Guy de Maupassant's short story "The Necklace" follows the tragic tale of Madame Loisel, a woman who longs to be part of the aristocracy and who pays dearly for that desire. After she spends years pining away after the fancy parties thrown by those far wealthier and more important than her, Madame Loisel's husband secures her an invitation to one of these parties. Still, Madame Loisel is not happy until she has been given the money to purchase new attire for the affair and until a friend of hers (Madame Forestier) agrees to allow her to borrow a diamond necklace to wear to the party.
However, while at the party, Madame Loisel loses the necklace. Rather than come clean about her mistake, she drives herself and her spouse into financial ruin in order to pay for a replacement. It is only much later that she learns from Madame Forestier that the necklace she had lost was not made of diamonds at all—it was a fake made out of paste.
This type of irony is situational irony because the outcome of the story is very different than what Madame Loisel (or the audience) may have anticipated. The party she attends in the hopes of increasing her social standing instead ruins it. It is her obsession with wealth and social position that ultimately drives Madame Loisel into poverty and a fall from social grace—certainly the opposite of what she intended!

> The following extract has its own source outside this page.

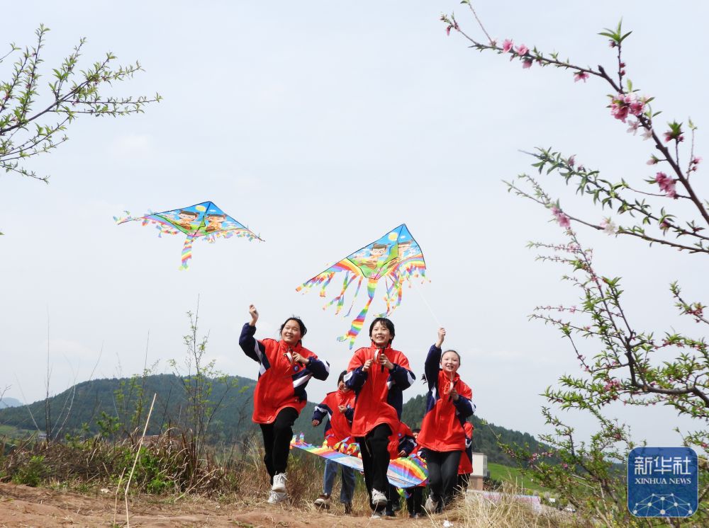 ↑ 4月3日,四川省達(dá)州市渠縣新市鎮(zhèn)第一小學(xué)學(xué)生在陽光大課間放風(fēng)箏。新華社發(fā)(鄧良奎攝)

In The Necklace, the irony is called irony of situation. There is a great difference between what is expected and what occurs.
When Madame Loisel borrows the diamond necklace from Madame Forestier she believes that it is worth a lot of money. Therefore, when she loses it, she is stricken with the burden of what it will take to replace it, they borrow money to buy a new necklace, effectively giving Madame Forestier a real diamond necklace. They are then bound to a life of drudgery to pay back the loan. She does not know, nor do we, the reader, that the necklace is fake.
Madame Loisel and her husband work very hard to earn money to pay back the loan, believing what they did was noble and honorable. When they discover that the necklace was fake, they have wasted their time and effort put themselves into a cycle of drudgery for nothing.
In fact it is ironic that Madame Loisel longs to be rich, a fake existence really, and ends up having her life shaped by a fake necklace. Situational irony.